Work required = The task calls for the lines from the start of the entries below through the line with "Hoping to build", given again verbatim, with every picture dropped.

Records supplied section start

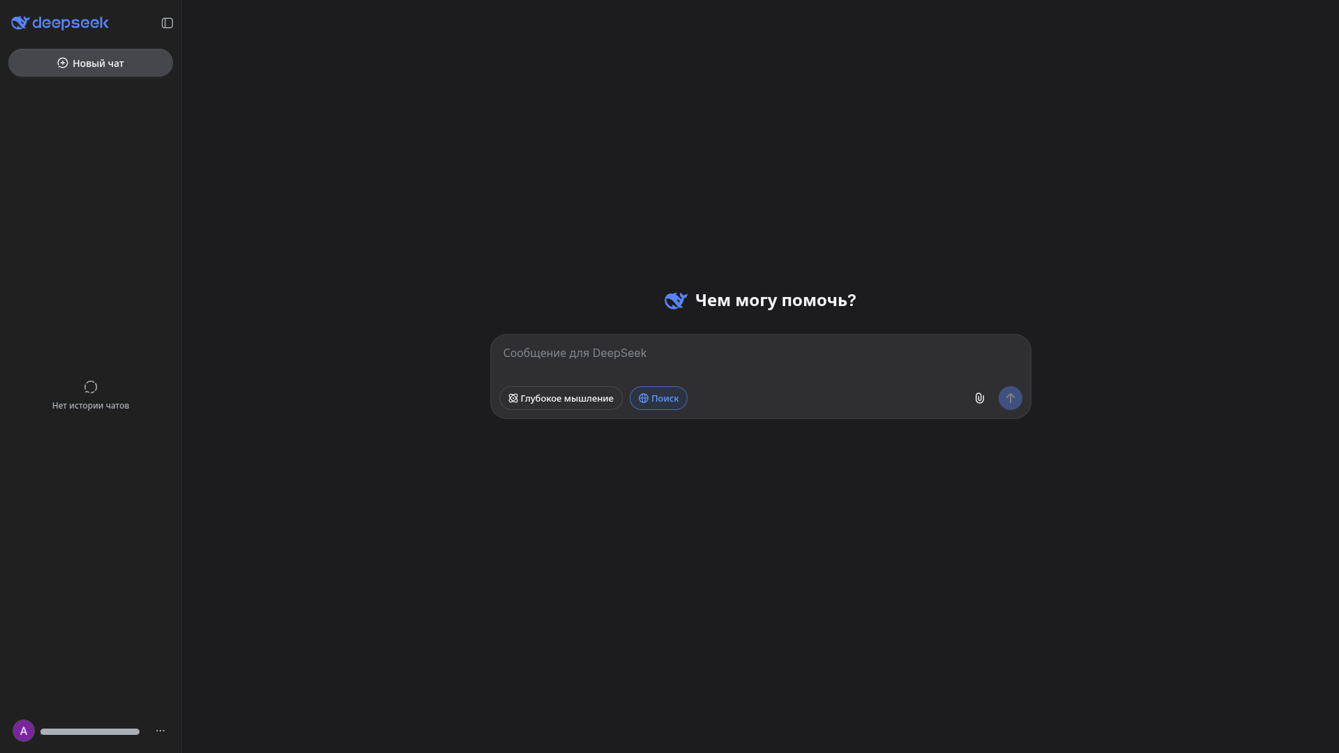 После регистрации вы сразу попадёте в систему и сможете начать работу с нейросетью. Интерфейс практически не отличается от других ИИ-ассистентов: в левой части экрана находится история чатов, а запросы можно вводить в строке внизу. Если нужен ответ с более глубокими рассуждениями, активируйте кнопку DeepThink перед отправкой запроса. Для получения ответов со ссылками на веб-источники используйте кнопку Search. А если нажмёте на значок скрепки, то сможете прикрепить документ или изображение для анализа.
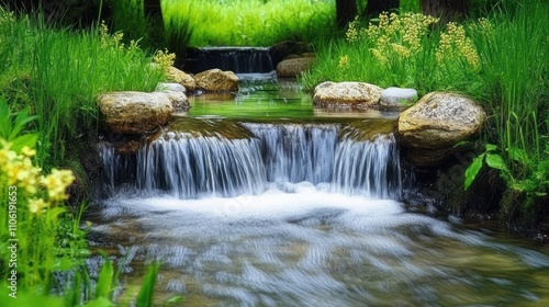 Naklejka premium Serene Waterfall Flows Through Lush Green Landscape
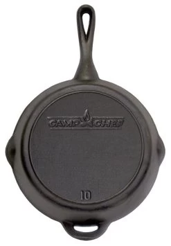 Hoping to build up your cast iron collection? Look no further than our classic 25cm, 10” cast iron skillet, seasoned with Camp Chef’s True Seasoned Finish so it’s ready to go right out of the box. Create the most delicious meals with the 10” cast iron skillet from bacon and eggs to fresh cinnamon rolls. The comfort grip handle makes for easy lifting and control, and dual pour spouts provide a more convenient cooking experience. You can’t go wrong with an essential cast iron skillet like this.
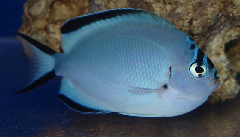 ![]() Family: Pomacanthidae (Angelfishes) Natural Range: Indo-Pacific and Western Pacific Depth: 39 to 266 ft. Size: 6 in. Jumps: No Space: 75+ gal. Reef Safe: Yes Care Level: Difficult Temperament: Peaceful Diet: Algae, zooplankton, copepods, tunicates, bristleworm larvae, sponges Natural History: The Watanabei Angelfish is found on steep slopes and dropoffs on reefs where strong current is found. It is most commonly observed in small groups at depths of 85 feet or greater. Males have more blue on the body below the dorsal fin and horizontal body stripes from the operculum to the tail. Husbandry: The Watanabei Angelfish prefers dim light and strong water flow in an aquarium, a reflection of its deep habitat on the reef. It should be housed with peaceful tankmates. Males may harass other small fish and will likely be aggressive toward other Genicanthus male angelfish. | ||||
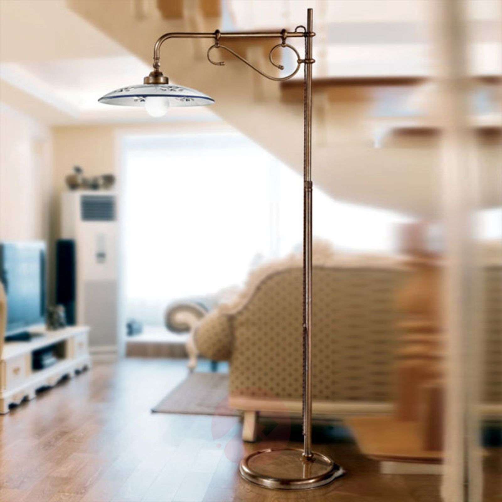 Mosiężna lampa stojąca BASSANO z wychylnym, ceramicznym kloszem Tradycyjne, włoskie wzornictwo oraz nowoczesne techniki produkcji składają się na dekoracyjny wygląd lampy stojącej BASSANO. Lampa BASSANO posiada ładną, mosiężną strukturę z regulacją wysokości i jest wyposażona w pięknie zdobiony, ceramiczny klosz. Klosz można indywidualnie ustawiać, dopasowując oświetlenie do potrzeb. Ceramiczny klosz jest dostępny z dekoracjami w kolorze brązowym, niebieskim i zielonym. Klasa efektywności energetycznej: A++
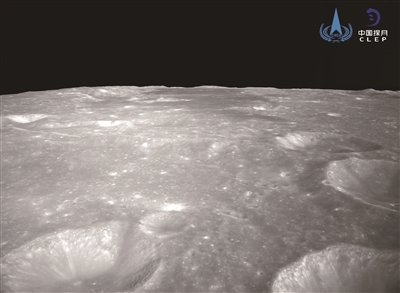 | | |  |  | 嫦娥六号着陆器降落相机拍摄影像图1。 图1由降落相机刚开机时拍摄,图像显示拍摄的月背区域中下部和右部分布有多个十多公里直径的环形坑,拍摄的月背区域上部中间为暗色的玄武岩分布区。
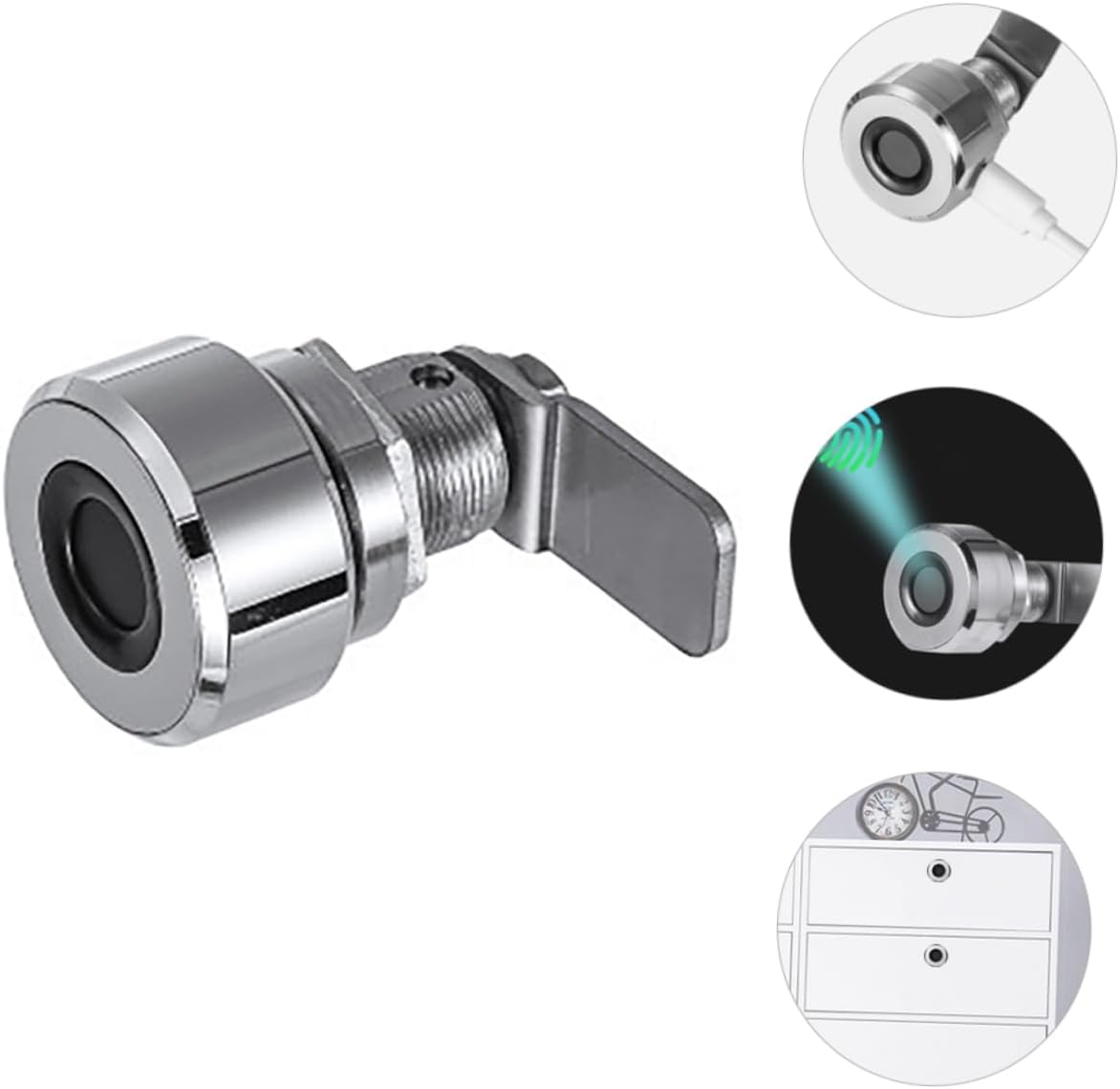 Gadpiparty 1Pc USB Charging Biometric Fingerprint Drawer Lock Material Easy Installation Durable Lock Replacement for Cabinets Safes and Furniture

Records supplied section end

Response to this exercise =
 После регистрации вы сразу попадёте в систему и сможете начать работу с нейросетью. Интерфейс практически не отличается от других ИИ-ассистентов: в левой части экрана находится история чатов, а запросы можно вводить в строке внизу. Если нужен ответ с более глубокими рассуждениями, активируйте кнопку DeepThink перед отправкой запроса. Для получения ответов со ссылками на веб-источники используйте кнопку Search. А если нажмёте на значок скрепки, то сможете прикрепить документ или изображение для анализа.
 Naklejka premium Serene Waterfall Flows Through Lush Green Landscape
 Hoping to build up your cast iron collection? Look no further than our classic 25cm, 10” cast iron skillet, seasoned with Camp Chef’s True Seasoned Finish so it’s ready to go right out of the box. Create the most delicious meals with the 10” cast iron skillet from bacon and eggs to fresh cinnamon rolls. The comfort grip handle makes for easy lifting and control, and dual pour spouts provide a more convenient cooking experience. You can’t go wrong with an essential cast iron skillet like this.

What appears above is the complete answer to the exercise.